We have built the synthetic locus around the weak minimal TK promoter that shows very low basal activity. This ensures that the integrated enhancers indeed cause all measured activity at the locus. However, this promoter might also be rate limiting in our analysis: Most strong enhancers and combinations at close distances showed similar mean expression levels, suggesting saturation in expression. However, the 6 kb multi-enhancer from the Sox2 SCR showed much stronger expression than the other enhancers, even from the 25 kb distance, suggesting that stronger expression is possible. Here, combinations of very strong enhancers and the incorporation of different promoters in the future will test the limitations of the system.
All enhancers tested in this study depend on the genomic distance to their target promoter, albeit to different degrees according to their intrinsic enhancer strength. Our results agree with and expand on previous findings regarding the distance dependency of two highly active regulatory regions in mouse ESCs and erythroleukemia K562 cells (Zuin et al. 2022; Rinzema et al. 2022). While all enhancers lost activation potential with increasing distance, introducing a second, weak enhancer can partially rescue the drop in activation. We focused on one such weak enhancer, the E2 enhancer from the Map4k3 locus. In isolation, this element cannot activate transcription even from intermediate distances. However, when combined with other enhancers and placed between the strong enhancer and the promoter, this element strongly increased the activation at the promoter.

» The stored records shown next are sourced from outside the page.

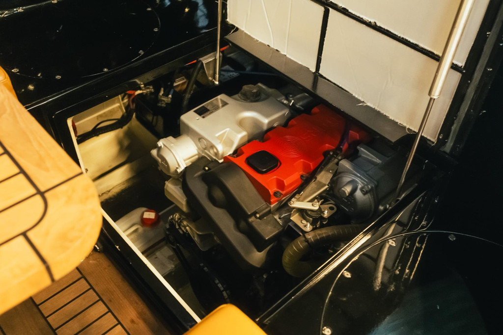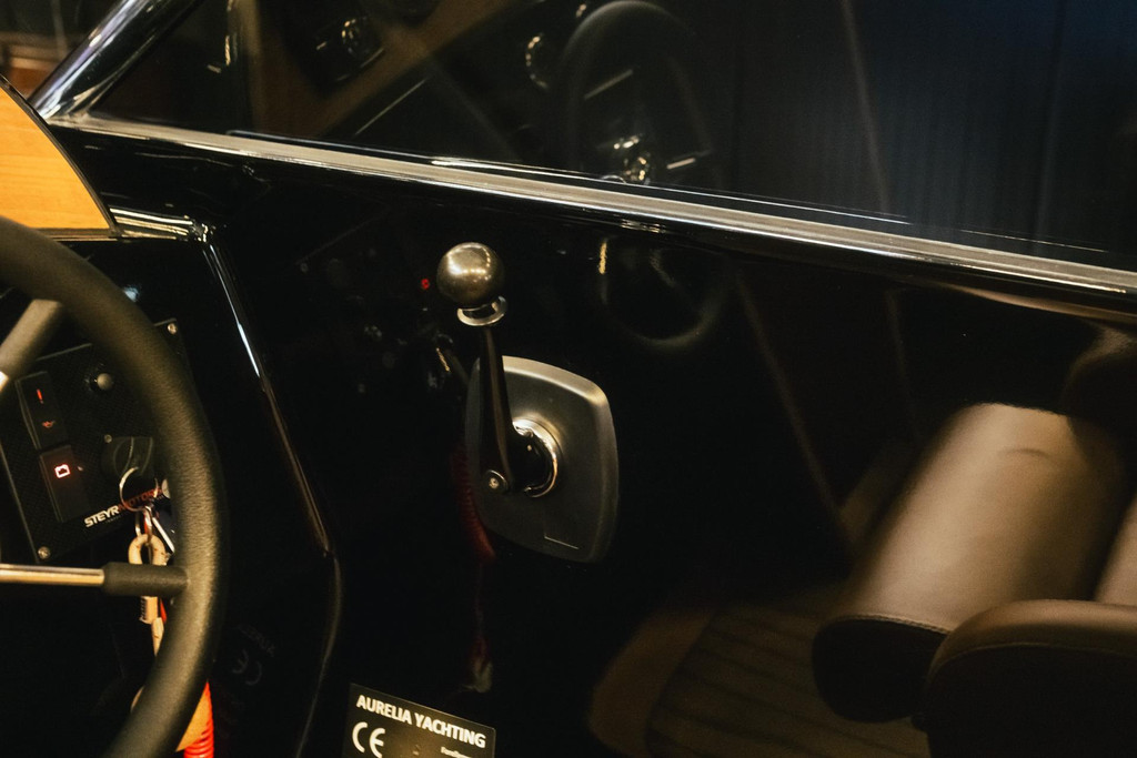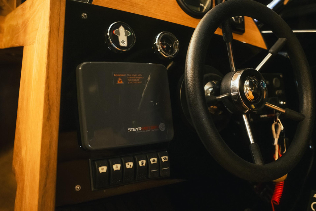 Onder de motorkap schuilt een krachtige Steyr 250 pk diesel binnenboordmotor met 6 cilinders, gecombineerd met een jet-aandrijving die acceleratie en wendbaarheid levert waar elke watersporter van droomt. De motor heeft slechts 44 draaiuren en wordt bestuurd via het Steyr Control Center, terwijl een geïntegreerde Zipwake trim-unit zorgt voor optimale stabiliteit en vaarcomfort. Elektrische start, stuurwielbesturing, enkel roer en een elektrische boegschroef maken manoeuvreren eenvoudig en intuïtief.
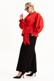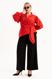 Практичные и функциональные брюки гармонично сочетают комфорт и современный стиль. Незаменимый элемент гардероба для тех, кто ценит удобство в сочетании с актуальным дизайном. Брюки с широкими штанинами палаццо выгодно подчеркивают женственные формы, а свободный крой обеспечивает удобство в любой ситуации. На брюках обработаны карманы в боковых швах, по талии пояс с застежкой на молнию и частично на резинке. Благодаря использованию высококачественных материалов, они обладают отличной плотностью фактуры, обеспечивая удобство и долговечность. Высокая посадка добавляет элегантности и стройности фигуре, а прямая модель идеально подходит для женщин с любым типом фигуры, а также высокого и низкого роста. Благодаря наличию резинки на талии обеспечивают идеальный силуэт и удобство при носке. Классическая модель для полных леди и девушек плюс сайз. Отличное решение для всех кто ищет стильные базовые брюки большого размера. Длина рукава - 62 Длина блузы - 67
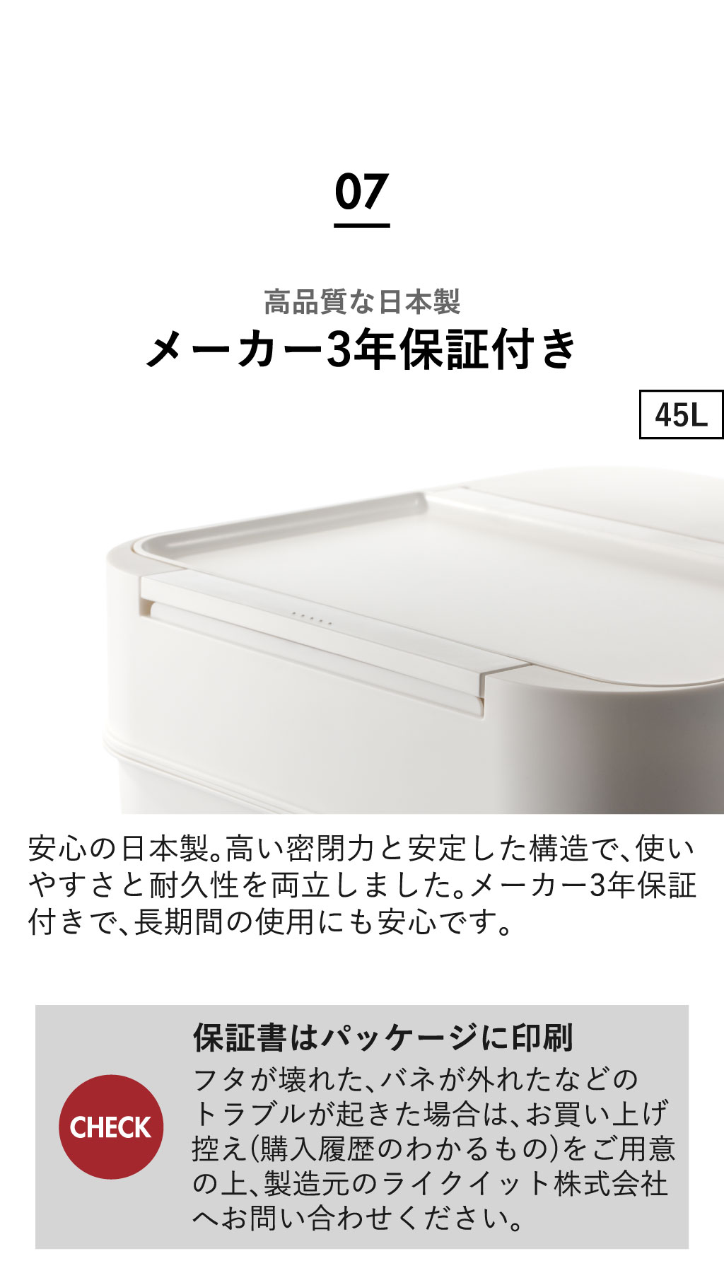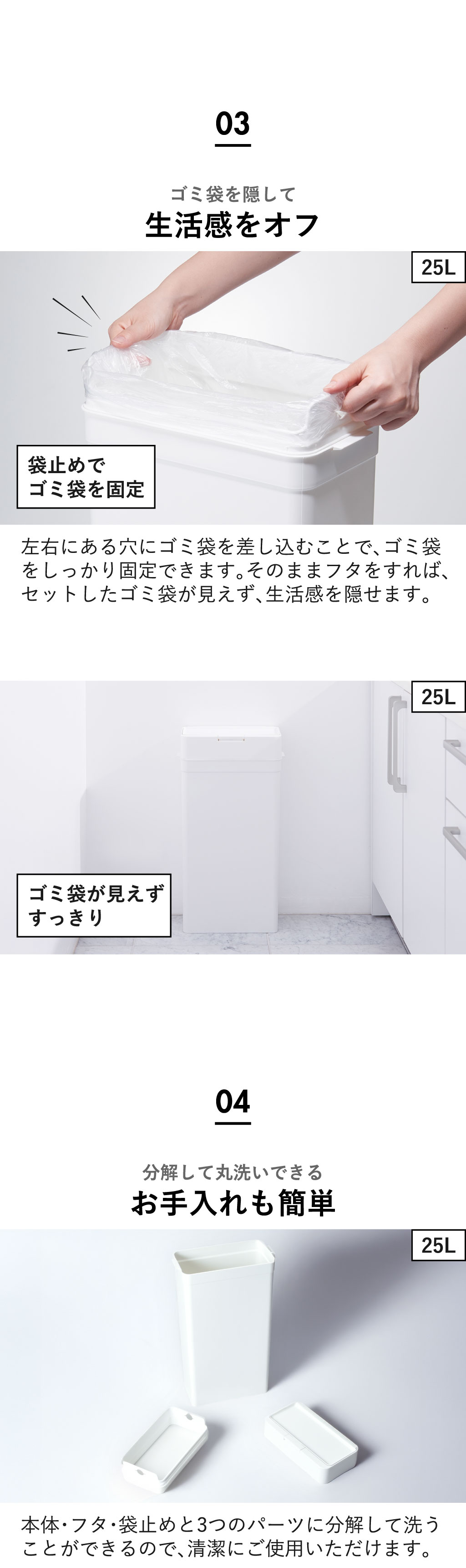 ニオイを漏らさず、快適な空間を保つ人気の密閉ゴミ箱「Seals シールズ」。フタの内側に付いたシリコンパッキンが、本体との隙間をしっかり密閉し、気になるニオイ漏れを防ぎます。生ゴミやおむつ、ペットシーツなど、ニオイの気になるゴミを捨てるのに最適です。フタはワンプッシュで簡単に開き、片手がふさがっていても指一本でラクに操作できます。開口部も広く、大きめのゴミもスムーズに捨てられて便利。フタを開けても壁に当たらない設計なので、壁際にぴったり設置できます。袋止めでゴミ袋をしっかり固定でき、フタをすればゴミ袋が見えないので生活感を隠せます。本体は分解して丸洗いできるため、お手入れも簡単です。シンプルでおしゃれなゴミ箱なので、キッチンやリビングなどどんな空間にも自然に馴染みます。ゴミ箱の容量は、用途や設置場所に合わせて「9.5L」「25L」「45L」の3サイズをご用意。コンパクトな「9.5L」は、トイレでサニタリーボックスやトイレポットとしても活躍します。スリムな「25L」は、ちょっとした隙間に置けるので、キッチンで分別用に並べて使用するのもおすすめ。大容量の「45L」はゴミをたっぷり捨てたい方にぴったり。1台で2分別も可能です。また、「9.5L」「25L」のブラックのみ、抗ウイルス・抗菌タイプも選べます。高品質な日本製で、メーカー3年保証付き。長く安心してお使いいただけます。
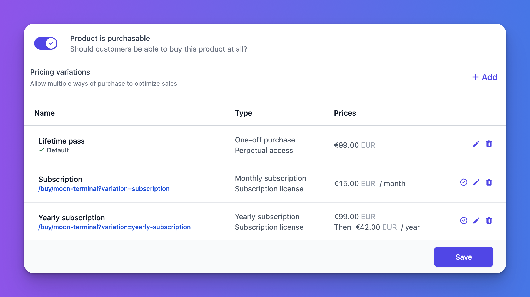 When you sell products or bundles through Moonbase, they are always sold as a variation of the base product or bundle, and you can have as many variations as you need. These different variations can be a mix between one-off payments for perpetual licenses, or recurring subscription payments. You could also have different variations with different licensing entitlements, to be able to sell more premium packages of the same product:
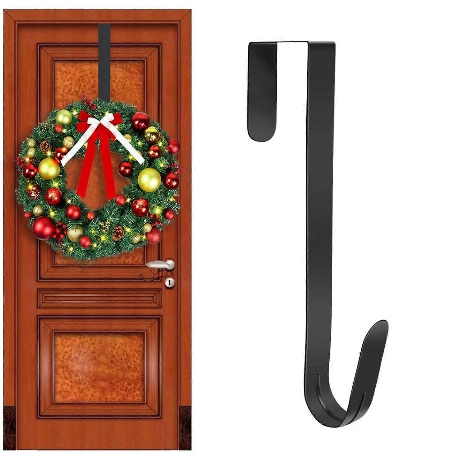 1Pc Adjustable Christmas Wreath Hanger for Front Door, 15inch Outdoor Wreath Hook, Over The Door Wreath Hanger for Xmas, Black
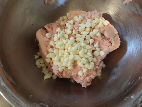 ふるった粉類を加え、ゴムベラでさっくりと混ぜる。大体まとまったらホワイトチョコチップを加える。
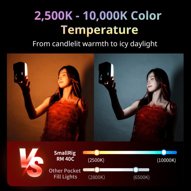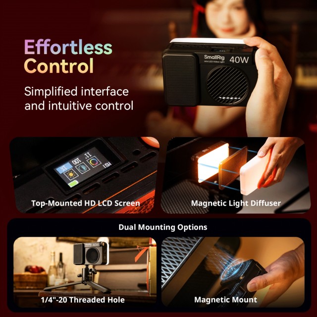 A SmallRig RM 40C egy 40 W-os nagy teljesítményű RGBWW mini LED-lámpa. Kompakt, mégis nagy teljesítményű, 55 perces hosszabb üzemidővel és teljes színű RGB-megvilágítással rendelkezik, amely szélesebb színhőmérséklet- és színskála-vezérlést biztosít. Felhasználóbarát kezeléssel, mágneses rögzítéssel és PD gyorstöltéssel rendelkezik, így tökéletes választás az utazó alkotók számára.
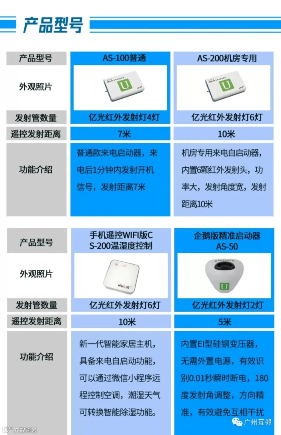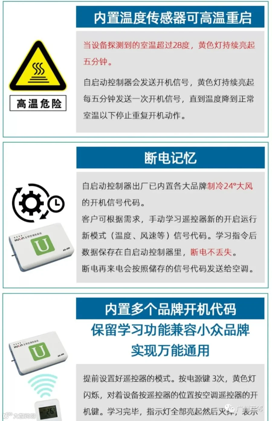 空调自启动系列有AS-50、AS-100、AS-200、小U微型自启动
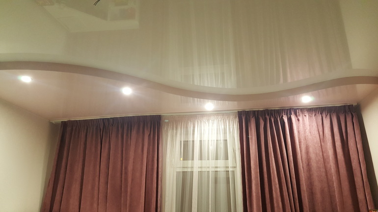 не делайте глянцевый. Это уже, так сказать, пережиток прошлого)) Ну и просто он смотрится не красиво. Если хотите натяжной, то матовый. Можно для интимного света купить бра/торшер. Это не перегрузит потолок, и добавит уюта.
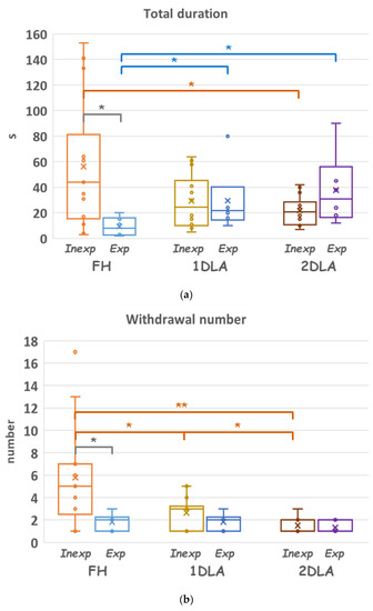 Significance of difference in the performance of the inexperienced and experienced subjects compared between various assistance conditions. * p < 0.05, ** p < 0.01.
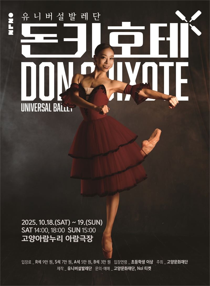 (재)고양문화재단은 유니버설발레단의 고전발레 명작 〈돈키호테 Don Quixote〉를 오는 10월 18일~19일 고양아람누리 아람극장에서 선보인다. 2년 만에 다시 무대에 오르는 유니버설발레단의 〈돈키호테〉는 올해 오직 고양에서만 만날 수 있는 단독 공연이다.
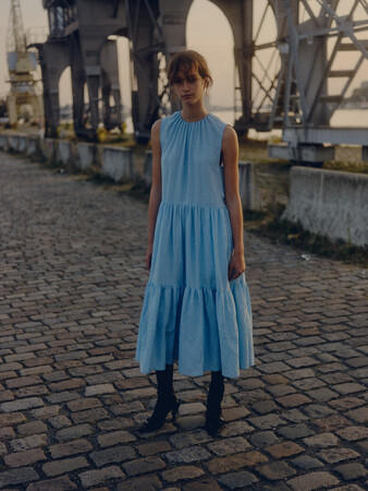 今シーズンはブランドアーカイブの型から、ブルーのカラーリングが魅力のドレス、ディテールに遊びのあるデニムスカートやグラフィックパターンが目を引くアイテムが並びます。インラインでは通常展開のない特別なコレクションとなっております。
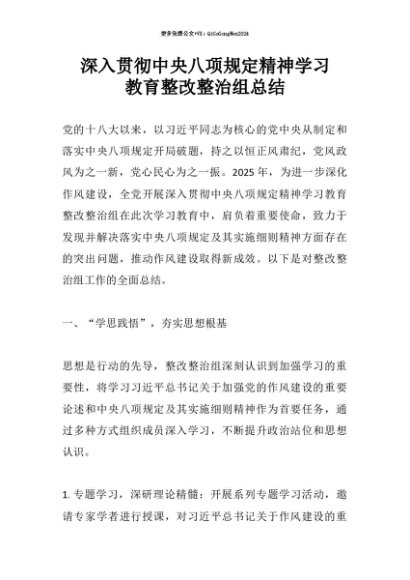 【七哥公文】2025年:【七哥公文】深入贯彻中央八项规定精神学习教育整改整治组总结_副本+更多免费公文+VX:QiGeGongWen2024+更多免费公文+VX:QiGeGongWen2024
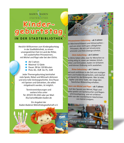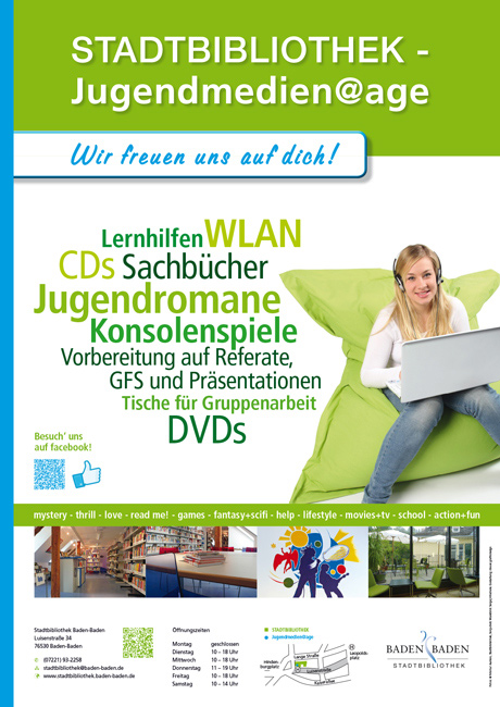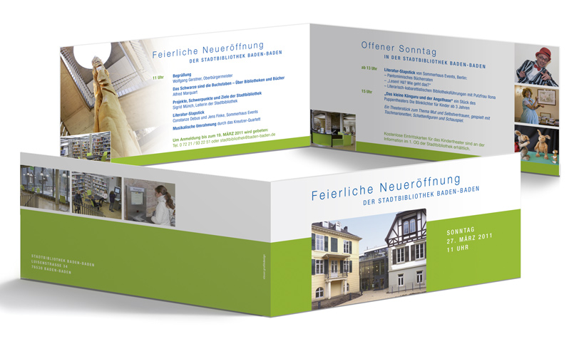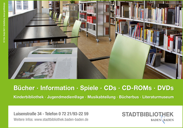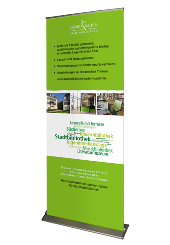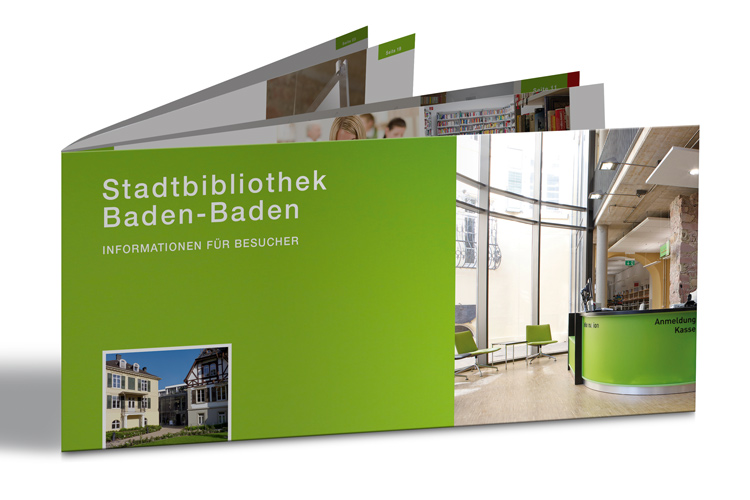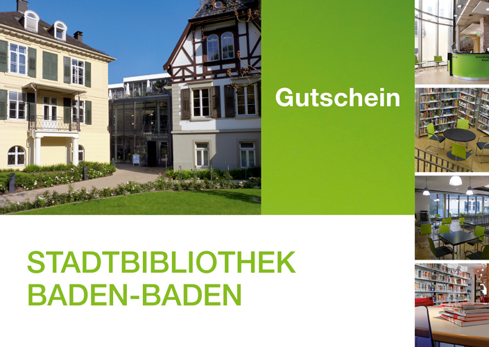 Die Stadtbibliothek Baden-Baden ist ein lebendiger Kulturstandort mit einer umfassenden Medienbibliothek. Vielfältiges Engagement, so Lesungen über und von Autoren, Vorträge, Workshops mit Kindern und Jugendlichen, Seminare sowie Ausstellungen im Literaturmuseum leisten einen wichtigen Beitrag für Bildung und Kultur. Mit der Neueröffnung wurde ein Relaunch für alle grafischen Arbeiten in Auftrag gegeben: Ein frisches Grün und ein klares Design bestimmen nun das optische Erscheinungsbild.
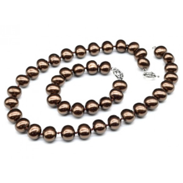 Комплект: бусы, браслет из майорки овал 15*13мм цвет шоколадный, 46; 20см
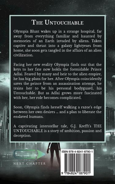 Olympia Blunt wakes up in a strange hospital, far away from everything familiar and haunted by memories of an Earth invaded by aliens. Taken captive and thrust into a galaxy lightyears from home, she soon gets tangled in the affairs of an alien civilization. Facing her new reality Olympia finds out that the keys to her fate now holds the formidable Prince Adlai. Feared by many and heir to the alien empire, he has big plans for her. After Olympia coincidently saves the prince from an assassination attempt, he trains her to be his personal bodyguard, his Untouchable. But as Adlai grows more fascinated with her, her role becomes complicated. Soon, Olympia finds herself walking a razor's edge between her own desires ... and a plan to liberate the enslaved humans. A captivating interstellar tale, G.J. Krefft's THE UNTOUCHABLE is a story of ambition, passion and deception.
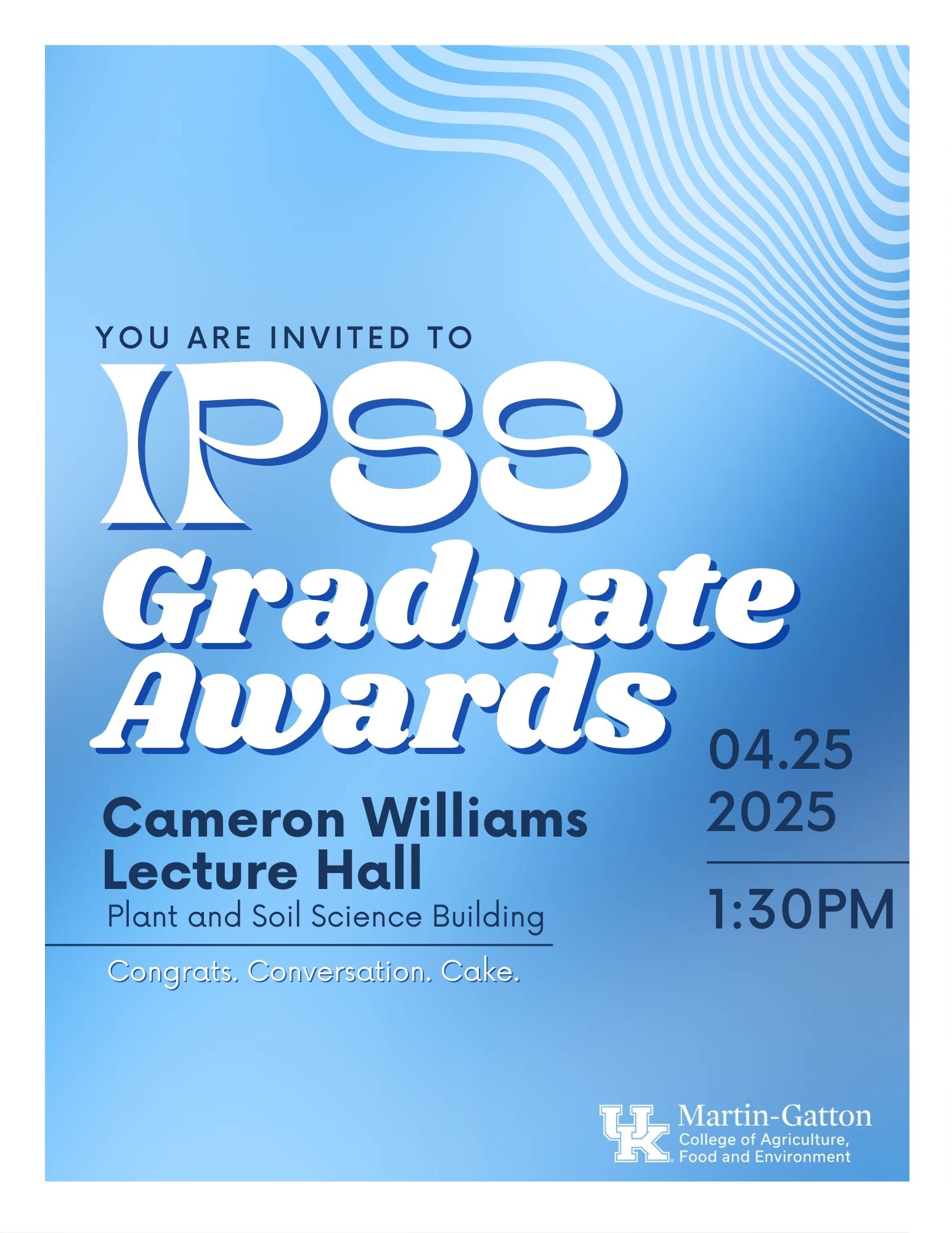 The IPSS Graduate Awards were held in the Cameron Williams Lecture Hall to celebrate and acknowledge the accomplishments of the program's students. Awards were presented by Dr. Ole Wendroth, Dr. Erin Haramoto, and Dr. Bruce Downie.
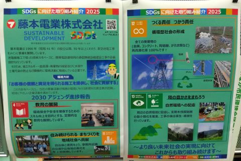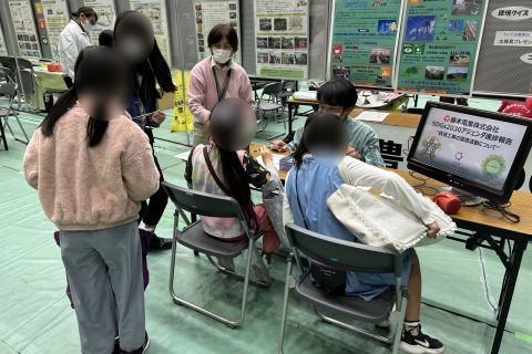 「あなたのひと工夫で未来を変える」をテーマに、弊社では環境活動の紹介や簡単な「鉄塔クイズ」という
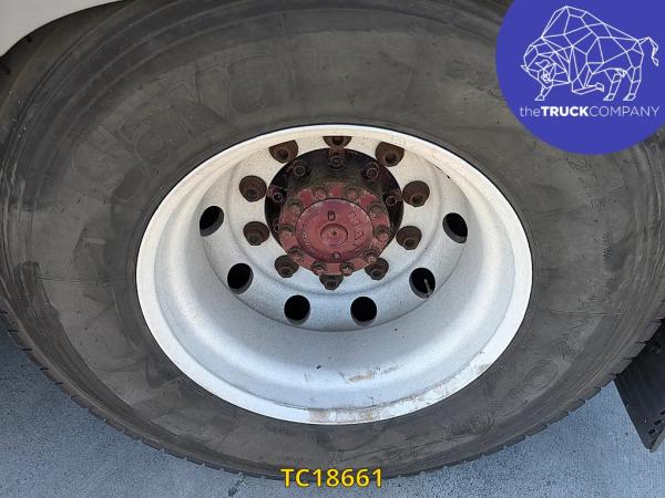 Achteras: Bandenmaat: 315/80 R22.5; Dubbellucht; Bandenprofiel linksbinnen: 15 mm; Bandenprofiel linksbuiten: 14 mm; Bandenprofiel rechtsbinnen: 15 mm; Bandenprofiel rechtsbuiten: 17 mm; Vering: luchtvering
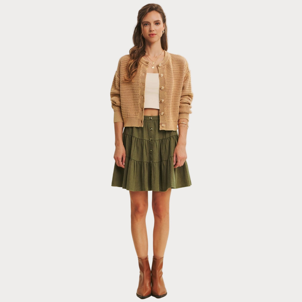 Cozy Cable Knit Cardigan | Tan Mineral-Washed Sweater

While increasing the distance between enhancer and promoter decreases the activation at the promoter, many enhancers are located at distances where the individual enhancers should not be able to activate a promoter anymore. Our work here suggests that integrating additional, weak enhancers can partially overcome loss of enhancer activity due to increased genomic distance. Interestingly, the individual intrinsic strength of the additional enhancer and its exact position might be secondary as long as it is located between the strong enhancer and the promoter. Our findings might explain recent findings from the ɑ-globin (Blayney et al. 2022) and the Sox2 loci (Brosh et al. 2023), where elements with weak intrinsic enhancer activity can facilitate the communication of strong enhancers with the promoter, even though we cannot rule out that some of these elements apply distinct mechanisms of enhancer cooperation.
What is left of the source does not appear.